In planetary astronomy and astrobiology, the Rare Earth hypothesis argues that the origin of life and the evolution of biological complexity such as sexually reproducing, multicellular organisms on Earth (and, subsequently, human intelligence) required an improbable combination of astrophysical and geological events and circumstances.
According to the hypothesis, complex extraterrestrial life is an improbable phenomenon and likely to be rare throughout the universe as a whole. The term "Rare Earth" originates from Rare Earth: Why Complex Life Is Uncommon in the Universe (2000), a book by Peter Ward, a geologist and paleontologist, and Donald E. Brownlee, an astronomer and astrobiologist, both faculty members at the University of Washington.

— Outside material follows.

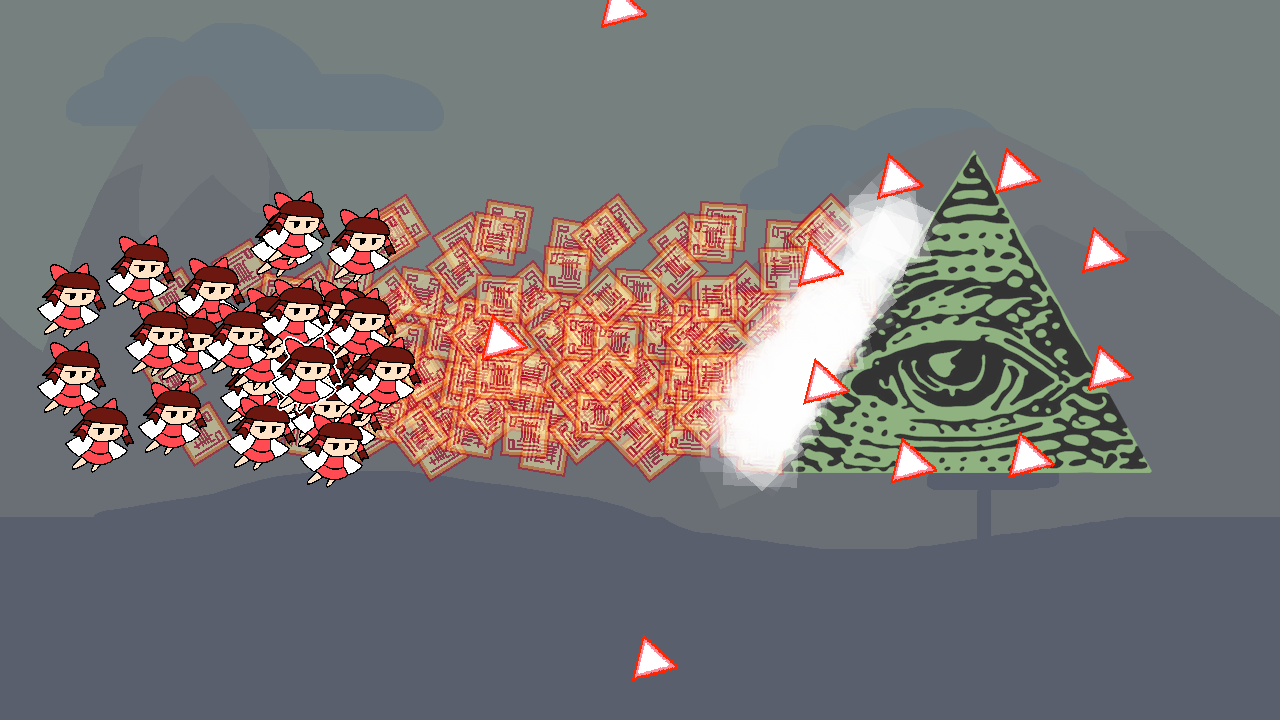 An army of EVIL triangles has invaded Gensokyo! Play as Reimu, who has acquired the power of mitosis, and put an end to the triangle gang foul schemes.

In the 1970s and 1980s, Carl Sagan and Frank Drake, among others, argued that Earth is a typical rocky planet in a typical planetary system, located in a non-exceptional region of a common barred spiral galaxy. From the principle of mediocrity (extended from the Copernican principle), they argued that the evolution of life on Earth, including human beings, was also typical, and therefore that the universe teems with complex life. However, Ward and Brownlee argue that planets, planetary systems, and galactic regions that are as accommodating for complex life as are the Earth, the Solar System, and our own galactic region are not typical at all, but actually exceedingly rare.
Fermi paradox
There is no reliable or reproducible evidence that aliens have visited Earth. No transmissions or evidence of intelligent extraterrestrial life have been detected or observed anywhere other than Earth in the Universe. This runs counter to the knowledge that the Universe is filled with a very large number of planets, some of which likely hold the conditions hospitable for life. Life typically expands until it fills all available niches. These contradictory facts form the basis for the Fermi paradox, of which the Rare Earth hypothesis is one proposed solution.